Девятнадцатому не было дела до ночного воришки, проникшего в резиденцию Бай. Сделав вид, будто ничего не произошло, он уже собирался встать, как вдруг, за окном раздался треск обломанных веток, и в его спальню ввалился заскорузлый шар из свалявшейся шерсти, слипшейся в твёрдые иголки. Комок прокатился по полу, оставив после себя мокрый след, и влетел в угол, занятый Цао И Цзином, притаившись между боком юноши и стеной.

– Эй, – недовольно протянул потревоженный девятнадцатый, тронув жёсткую шкуру дрожащего, точно лист на ветру, зверя. – Вылезай.

Сбоку послышалось ворчание, похожее на тихий скулящий визг. Обнаружив относительно безопасное убежище, животное явно не намеревалось его покидать.
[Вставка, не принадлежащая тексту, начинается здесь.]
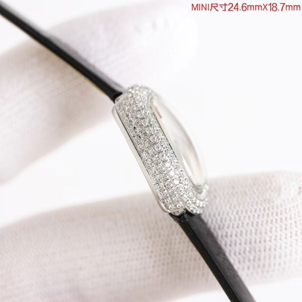 M1 Factory Cartier Mini Baignoire 24.6*18.7mm Black Face Yellow Gold Case Japan Quartz Movement Watch |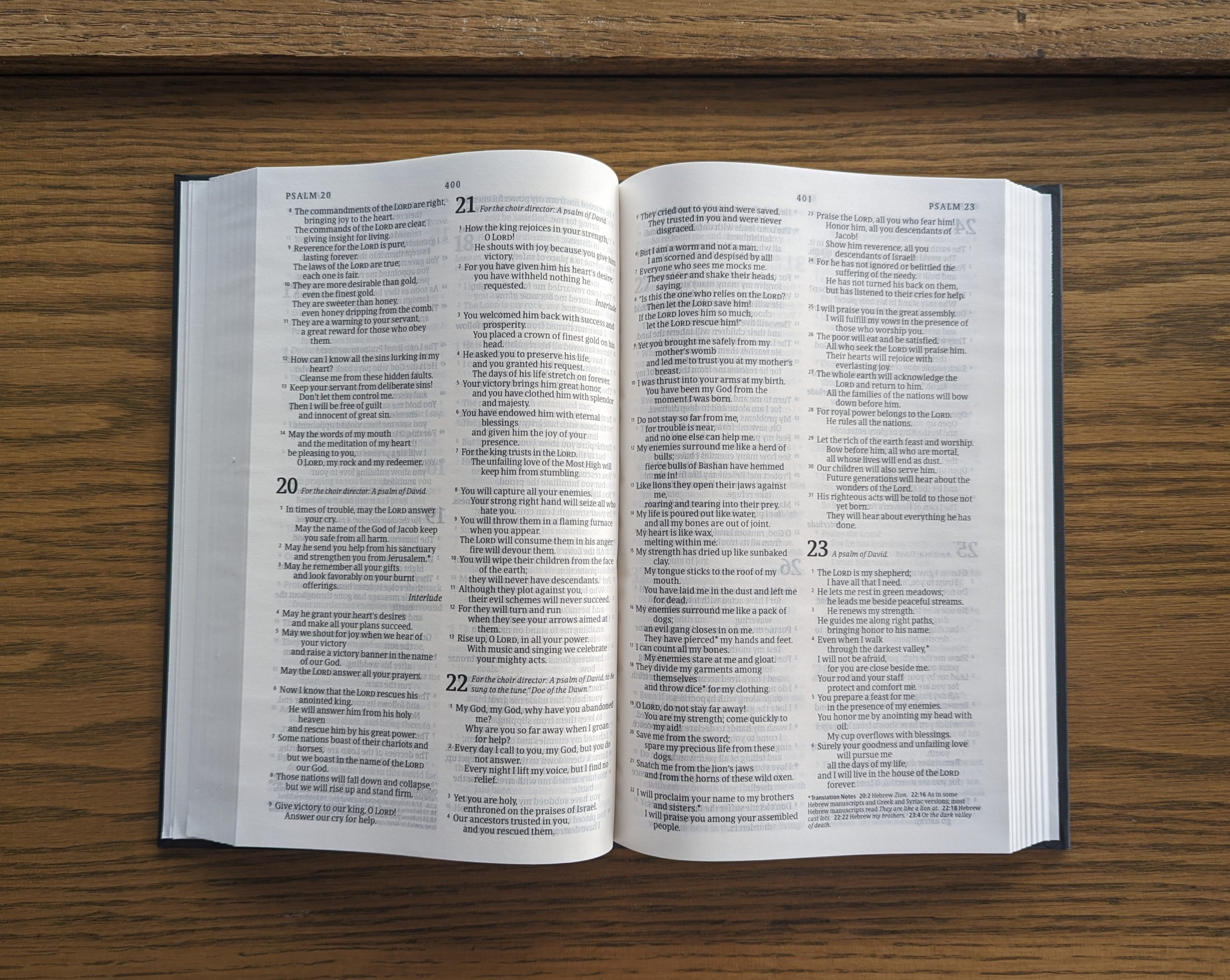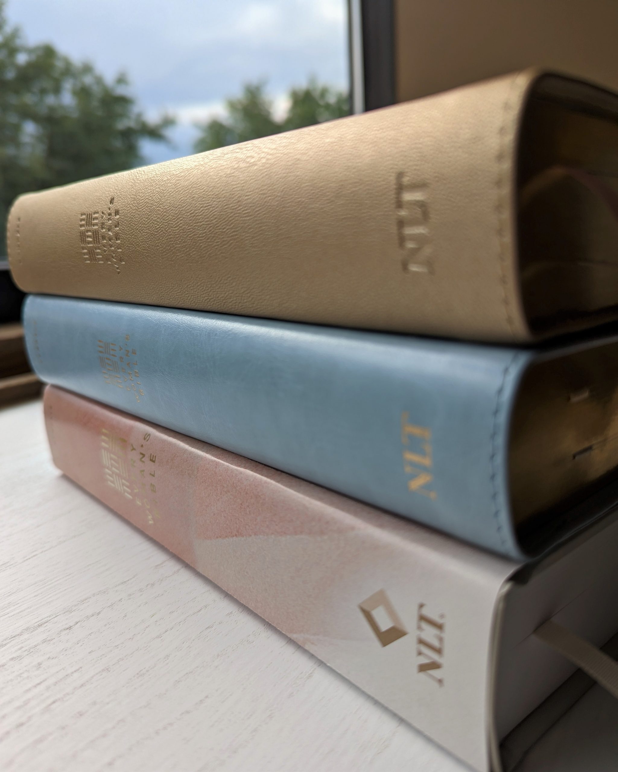 Kim: I would love to receive an NLT Church Bible this Christmas! I love the beauty and simplicity of the black cloth-like hardcover design with the words Holy Bible in gold foil on the front. It’s a really great size and weight, which will make it a great Bible for taking to church and Bible-reading on the go. It’s also available in a 24-pack for churches!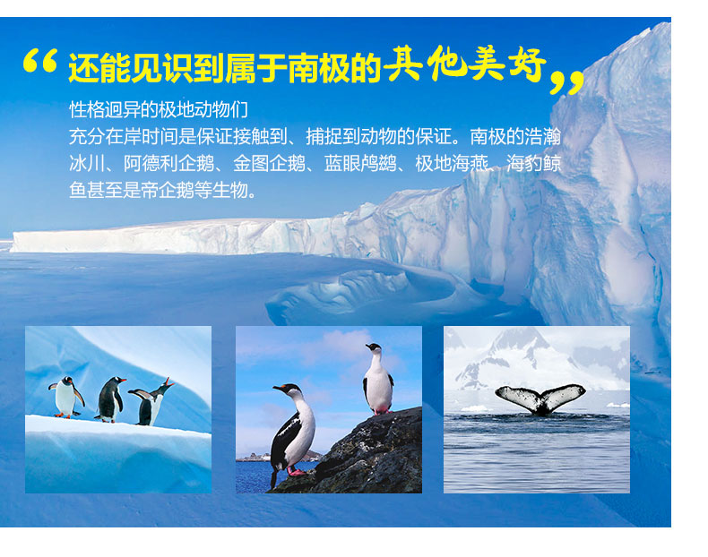 在前行极地途中,信天翁、海燕、鲸和海豚们一路相伴,您还会见到本次旅途的第一座冰山。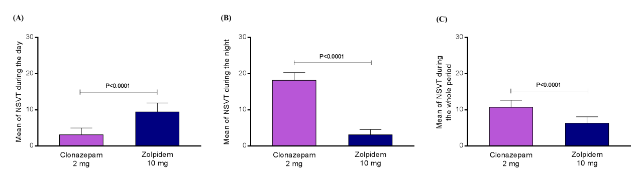 Figure 2: The mean number of non-sustained ventricular tachycardia recorded by the 24-hour Holter monitoring during the day (A), night (B), and whole period (C), for the subjects using 2 mg of clonazepam, as well for the individuals using zolpidem 10 mg. NSVT, non-sustained ventricular tachycardia; N=15 for each group.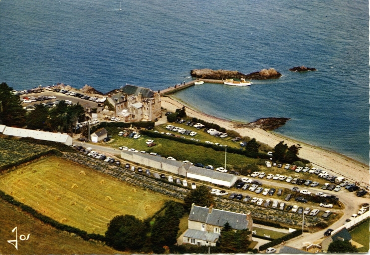 Vue aérienne du port de l'Arcouest, vers 1970 : remarquer les anciens garages et l'urbanisation progressive du port (AD 22, 16 Fi)Immatriculation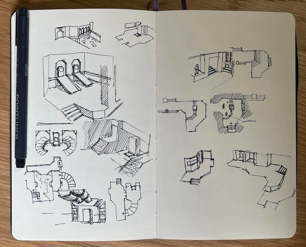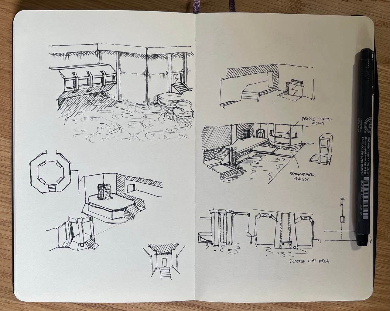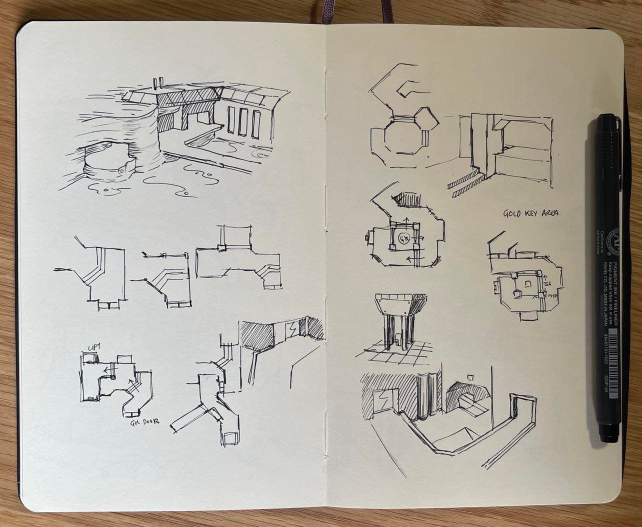 A lot of the sketches I did for this level were working out ways to connect the exterior and interior sections of base. I had initial ideas of the interior being sealed and pressurised, with a moon pool area that the player would swim down deep to access – and airlock sections between internal/external sections. I eventually scrapped the idea in favour of having barred windowed areas that overlooked the exterior – due to the limitation of no glass / alpha textures in ‘vanilla’ Quake.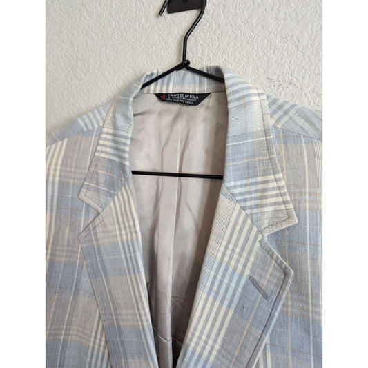 Vintage 1970s Andover Reed Mens 2 Button Suit Coat Light Blue Plaid Sz 42R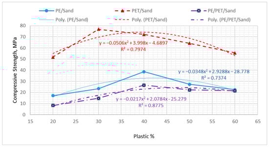 Increasing the percentage of plastic affects the strength values. Figure 13 shows the relationship between the plastic percentages and the compressive strength values for all samples. Interpreting the curves and trend lines, the optimal plastic percentage ranges between 30 and 40%. The equations given on the curves can be used, as the R2 values range between 0.74 and 0.88.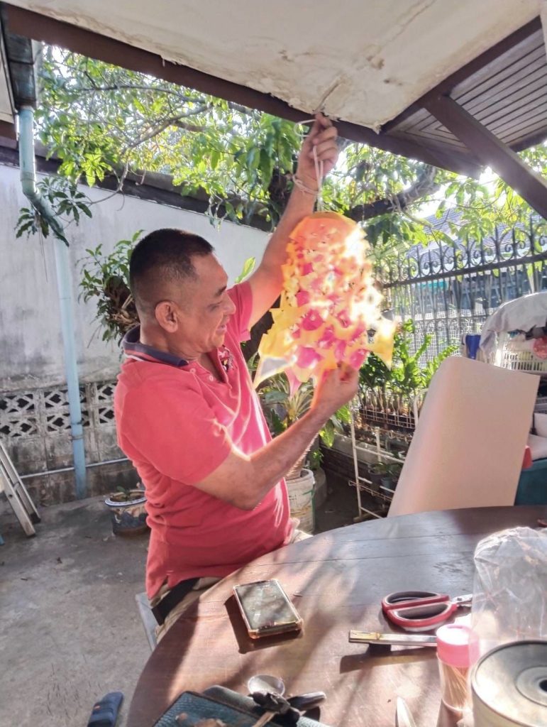 มุ้งมิ้งไม่ใช่เล่น ชุด ตชส.สน.หัวหมาก เข้าสาธิตการทำพวงมโหตร ให้กับวิทยากรชมรมผู้สูงอายุชุมชนกิตตินิเวศน์ เพื่อนำไปใช้ในกิจกรรมของชมรม ต่อไป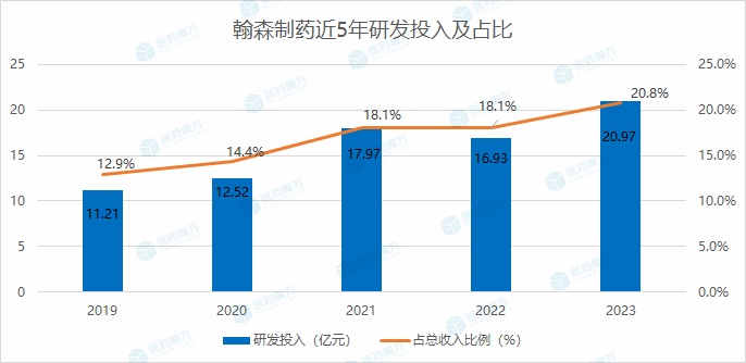 2019-2023年,,,,,,,翰森制药研发投入占比依次为12.91%、14.41%、18.05%、18.09%、20.8%,,,,,,,在立异药研发投入的资金占比丝绝不亚于跨国制药巨头。。。。。。高额的研发投入换来的是7款立异药的乐成获批上市,,,,,,,并搭建了富厚的研发管线。。。。。。据翰森财报披露,,,,,,,其现在正在举行的立异药临床试验凌驾50项,,,,,,,分属于30多个立异药产品;;;;;;2023年,,,,,,,更是新增了8个首次进入临床阶段的立异药。。。。。。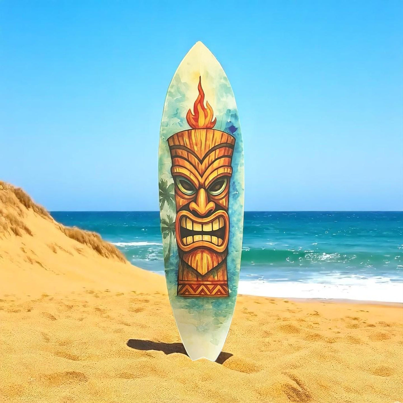 Tiki Surfboard Wall Art - Bold Polynesian Tropical Decor Add bold island vibes to your space with this eye-catching Tiki...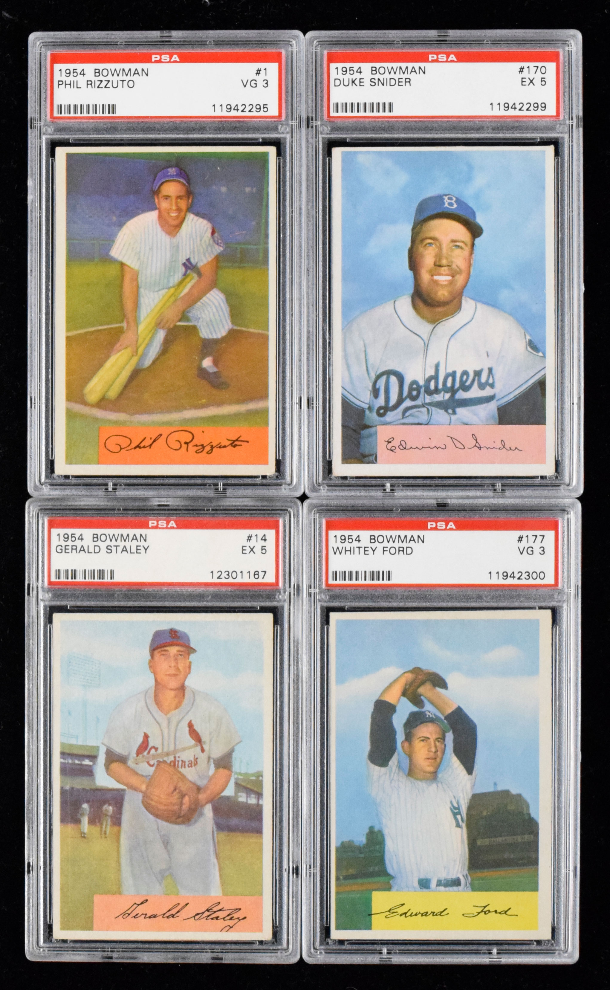 Phil Rizzuto, Duke Snider, Whitey Ford, Gerald Staley graded 1954 Bowman Baseball cards (VG-EX). Includes #s 1 Rizzuto (PSA 3 VG), 14 Staley (PSA 5 EX), 170 Snider (PSA 5 EX), and 177 Ford (PSA 3 VG).

– Ну что за Божие наказание! – воскликнул девятнадцатый. Скрепя сердце, он снял с себя верхнее одеяние, набросив его на продрогшего и испуганного воришку, который тут же поднялся, несколько раз повернувшись, чтобы улечься поудобнее.

– Что за жизнь-то у меня такая, – громко бранился Цао И Цзин, – сперва я бродяжничал, затем – повстречал того распутника, выжил после страшной хвори, а теперь – сижу в компании невесть откуда взявшегося животного, волею которого, нам всем придётся поститься завтрашним днём.

– Эй, девятнадцатый, – крикнул Си Юй, остановившись у его окна, – ты, случайно, не видел здесь крупную ласку?

– Ласку? – переспросил Цао И Цзин. – Нет, не видел, да и откуда бы ей взяться посреди Лояна?

– Ну нет – так нет, – ответил юноша. – Пойдёмте, посмотрим в восточном крыле, – сказал он Бай Цзы Фэну. – Всё равно, здесь ловить некого, кроме засони-девятнадцатого, который дрыхнет всё то время, что не набивает свой вечно урчащий желудок.

Никак не отреагировав на напраслину, усердно возводимую на него старшим соучеником, Цао И Цзин молча погладил тёплую спинку, нащупав её под накидкой.

– Ласка, – хмыкнул он, когда все отправились в восточное крыло поместья, в поисках зверя, – каков невежда. Если бы Фэн-гэ узнал о том, что его ученик ласку от лисицы отличить не в состоянии – он уже погорел бы от стыда, да, Хвостишко?

Из-под серой ткани на мгновение показалась узкая мордочка с ярко-жёлтыми глазами. Вздёрнув нос, лисёнок обнюхал Цао И Цзина, после чего – положил подбородок ему на руку.

– Верно, Хвостишко, – самый, что ни на есть, настоящий дурень. Пытается возвыситься в глазах учителя, понапрасну пороча моё имя, будто ему не семнадцать, а семь.

«Семь?» – мысленно переспросил себя девятнадцатый, приподняв ханьфу и недоумённо разглядывая животное. «Я нащупал лишь семь хвостов, что же случилось с остальными?».